#### PROBLEM TO WORK ON
With the pictures removed, write out the data below exactly.

#### INFORMATION PROVIDED
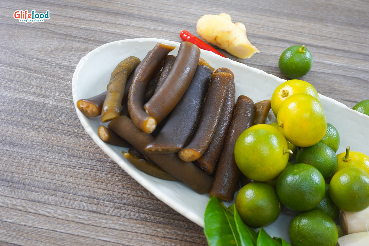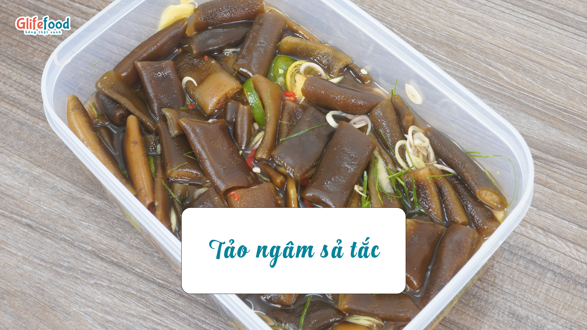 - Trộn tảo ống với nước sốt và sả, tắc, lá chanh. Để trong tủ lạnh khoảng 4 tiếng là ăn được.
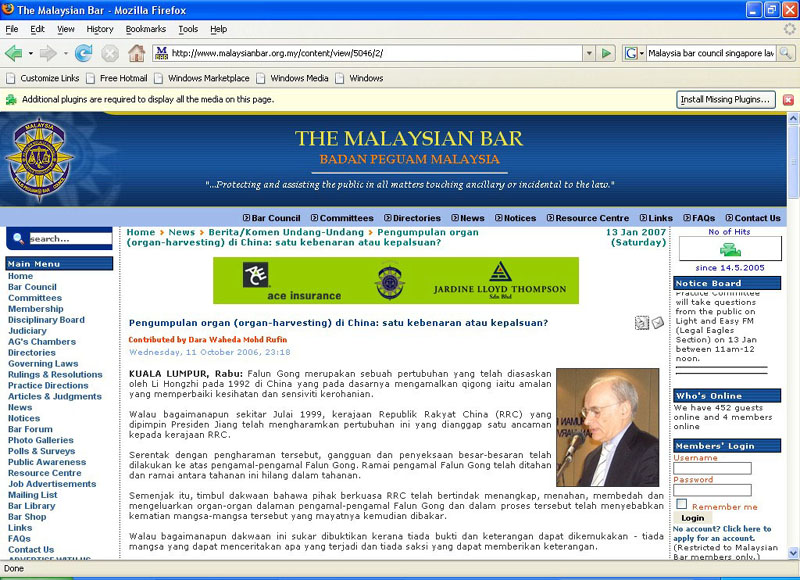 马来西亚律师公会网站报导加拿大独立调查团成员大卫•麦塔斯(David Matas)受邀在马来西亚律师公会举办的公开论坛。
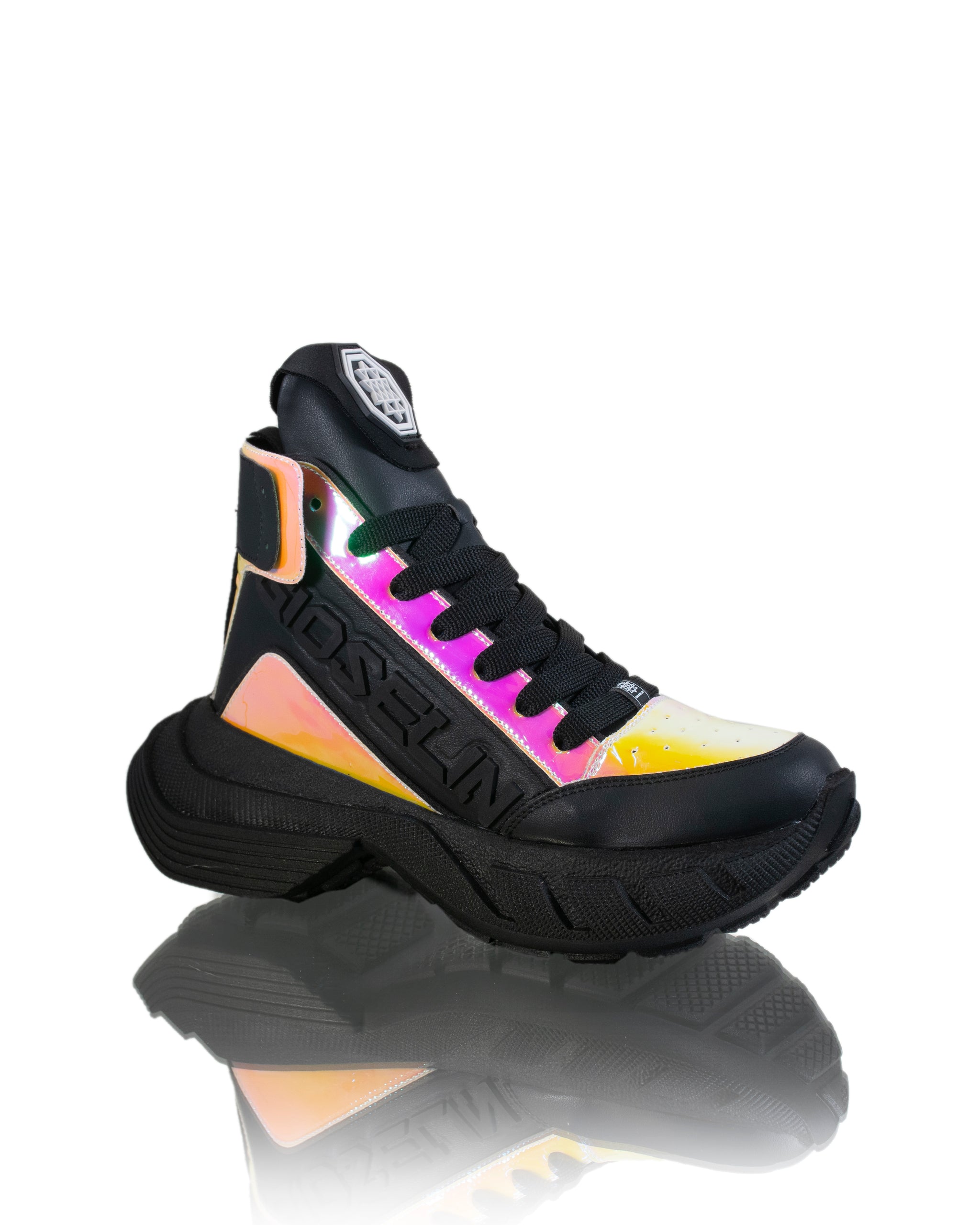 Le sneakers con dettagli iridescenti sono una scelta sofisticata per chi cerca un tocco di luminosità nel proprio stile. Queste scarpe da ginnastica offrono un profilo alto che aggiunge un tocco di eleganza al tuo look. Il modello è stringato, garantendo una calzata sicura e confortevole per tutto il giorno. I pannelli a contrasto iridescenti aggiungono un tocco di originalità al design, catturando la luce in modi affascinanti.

#### TASK RESULT
 - Trộn tảo ống với nước sốt và sả, tắc, lá chanh. Để trong tủ lạnh khoảng 4 tiếng là ăn được.
 马来西亚律师公会网站报导加拿大独立调查团成员大卫•麦塔斯(David Matas)受邀在马来西亚律师公会举办的公开论坛。
 Le sneakers con dettagli iridescenti sono una scelta sofisticata per chi cerca un tocco di luminosità nel proprio stile. Queste scarpe da ginnastica offrono un profilo alto che aggiunge un tocco di eleganza al tuo look. Il modello è stringato, garantendo una calzata sicura e confortevole per tutto il giorno. I pannelli a contrasto iridescenti aggiungono un tocco di originalità al design, catturando la luce in modi affascinanti.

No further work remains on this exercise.